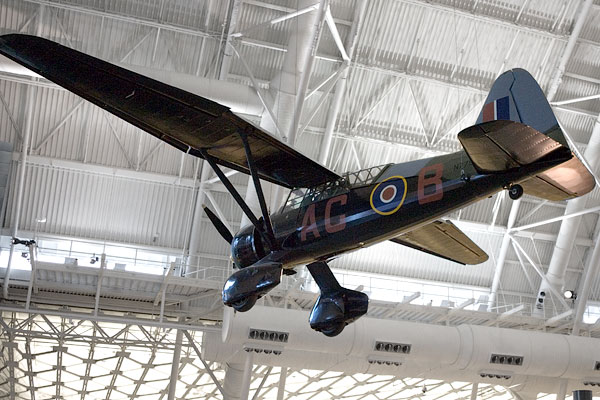 Westland Lysander IIIA at National Air and Space Museum, Steven F. Udvar-Hazy Center
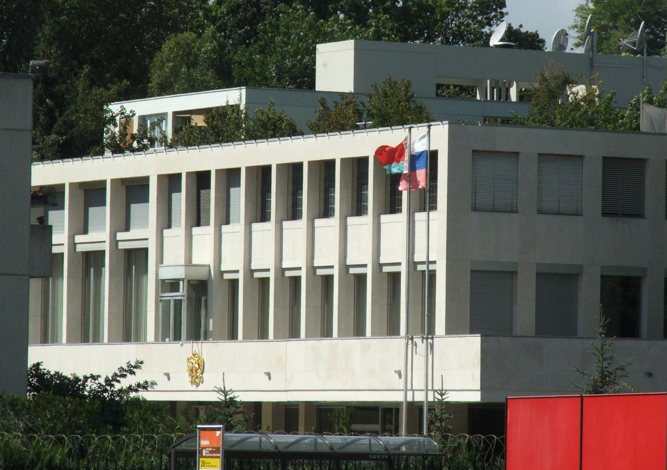 Permanent Mission of Russian Federation to the UN in Geneva, Switzerland. Huge complex of former Soviet mission to the UN hosts as well Mission of Belarus.
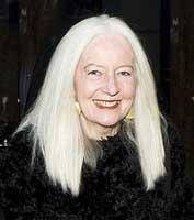 Australian art gallery owner Roslyn Oxley
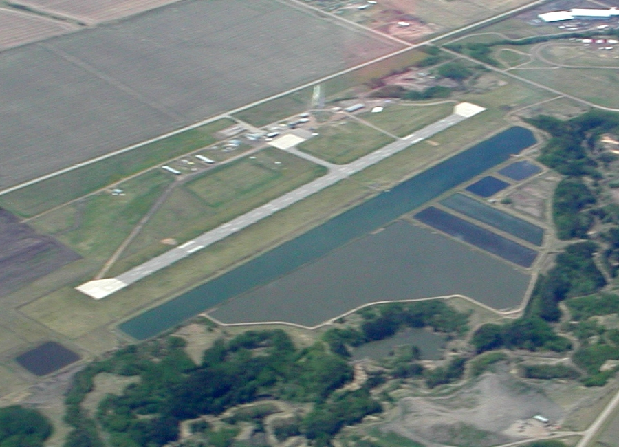 Dawson Creek Airport, BC. May 28, 2006
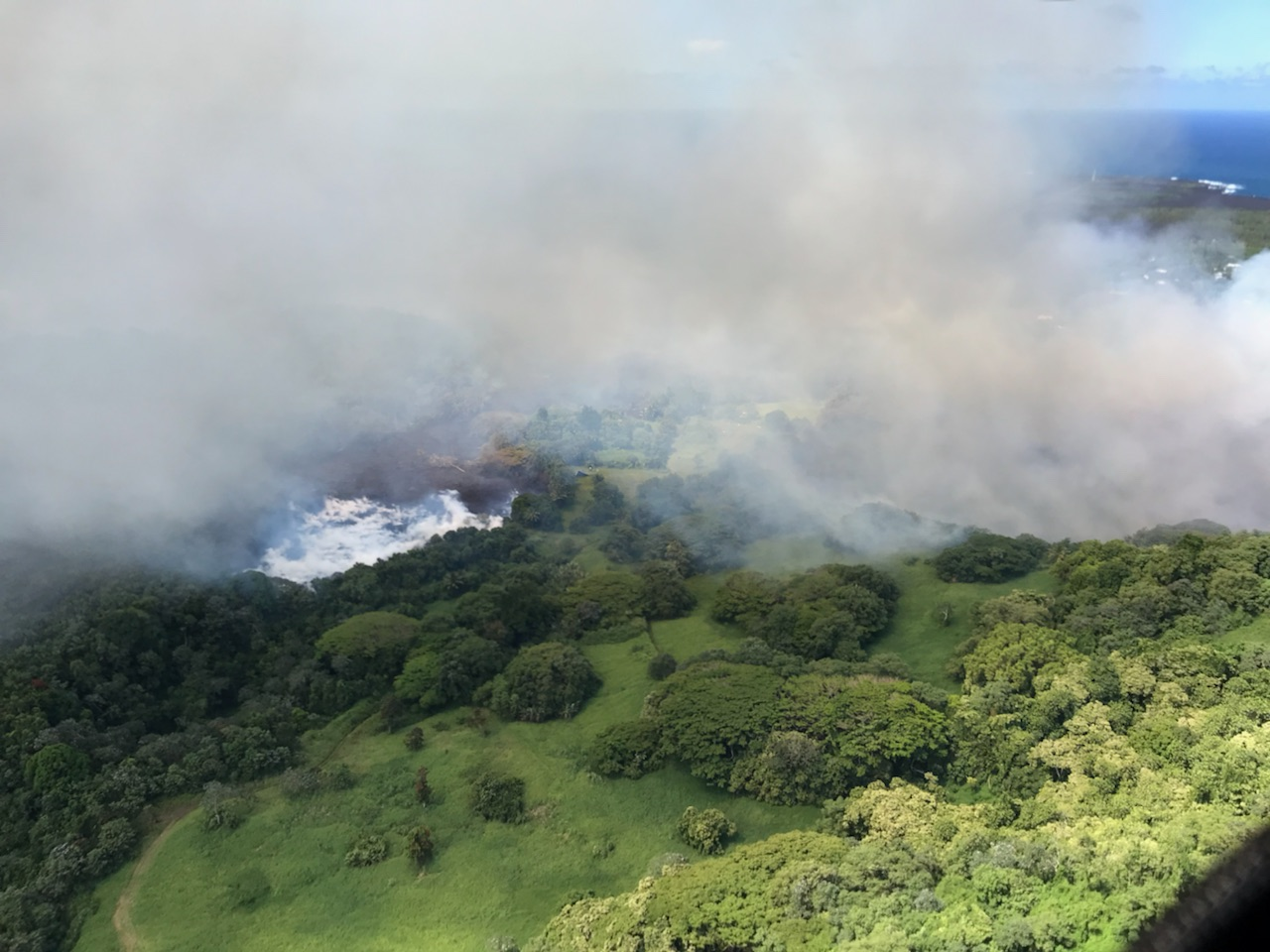 As fissure 8 lava flowed into Green Lake, the lake water boiled away, sending a white plume high into the sky—visible from afar between around 11:30 a.m. and 1:30 p.m. HST. This aerial photo, taken a couple of hours later by the Hawai‘i County Fire Department, shows still-steaming lava within Green Lake, located near the intersection of Highways 132 and 137.
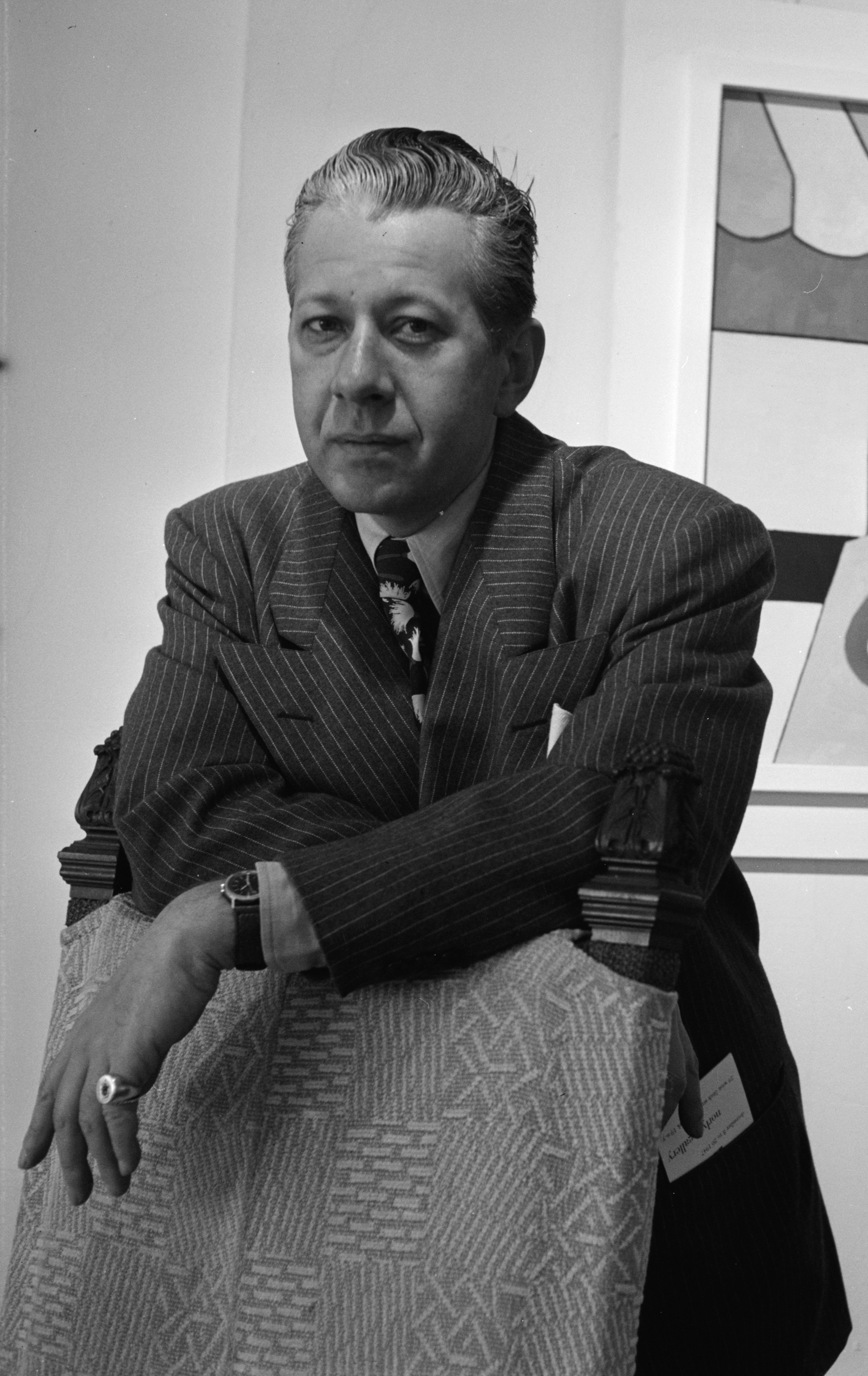 George Wettling (November 28, 1907 - June 6, 1968) was an American jazz drummer. Gottlieb, William P., 1917-, photographer. [Portrait of George Wettling, New York, N.Y., between 1946 and 1948] 1 negative : b&w ; 2 1/4 x 2 1/4 in. Notes: Gottlieb Collection Assignment No. 333 Reference print available in Music Division, Library of Congress. Purchase William P. Gottlieb Forms part of: William P. Gottlieb Collection (Library of Congress). Subjects: Wettling, George, 1907-1968 Jazz musicians--1940-1950. Drummers (Musicians)--1940-1950. Format: Portrait photographs--1940-1950. Film negatives--1940-1950. Rights Info: Mr. Gottlieb has dedicated these works to the public domain, but rights of privacy and publicity may apply. Repository: (negative) Library of Congress, Prints & Photographs Division, Washington D.C. 20540 USA, (reference print) Library of Congress, Music Division, Washington D.C. 20540 USA, Part Of: William P. Gottlieb Collection (DLC) 99-401005 General information about the Gottlieb Collection is available at Persistent URL: Call Number: LC-GLB23- 0906

### What you need to do
What you output should match the records line for line, minus the pictures.

### Written response
 Westland Lysander IIIA at National Air and Space Museum, Steven F. Udvar-Hazy Center
 Permanent Mission of Russian Federation to the UN in Geneva, Switzerland. Huge complex of former Soviet mission to the UN hosts as well Mission of Belarus.
 Australian art gallery owner Roslyn Oxley
 Dawson Creek Airport, BC. May 28, 2006
 As fissure 8 lava flowed into Green Lake, the lake water boiled away, sending a white plume high into the sky—visible from afar between around 11:30 a.m. and 1:30 p.m. HST. This aerial photo, taken a couple of hours later by the Hawai‘i County Fire Department, shows still-steaming lava within Green Lake, located near the intersection of Highways 132 and 137.
 George Wettling (November 28, 1907 - June 6, 1968) was an American jazz drummer. Gottlieb, William P., 1917-, photographer. [Portrait of George Wettling, New York, N.Y., between 1946 and 1948] 1 negative : b&w ; 2 1/4 x 2 1/4 in. Notes: Gottlieb Collection Assignment No. 333 Reference print available in Music Division, Library of Congress. Purchase William P. Gottlieb Forms part of: William P. Gottlieb Collection (Library of Congress). Subjects: Wettling, George, 1907-1968 Jazz musicians--1940-1950. Drummers (Musicians)--1940-1950. Format: Portrait photographs--1940-1950. Film negatives--1940-1950. Rights Info: Mr. Gottlieb has dedicated these works to the public domain, but rights of privacy and publicity may apply. Repository: (negative) Library of Congress, Prints & Photographs Division, Washington D.C. 20540 USA, (reference print) Library of Congress, Music Division, Washington D.C. 20540 USA, Part Of: William P. Gottlieb Collection (DLC) 99-401005 General information about the Gottlieb Collection is available at Persistent URL: Call Number: LC-GLB23- 0906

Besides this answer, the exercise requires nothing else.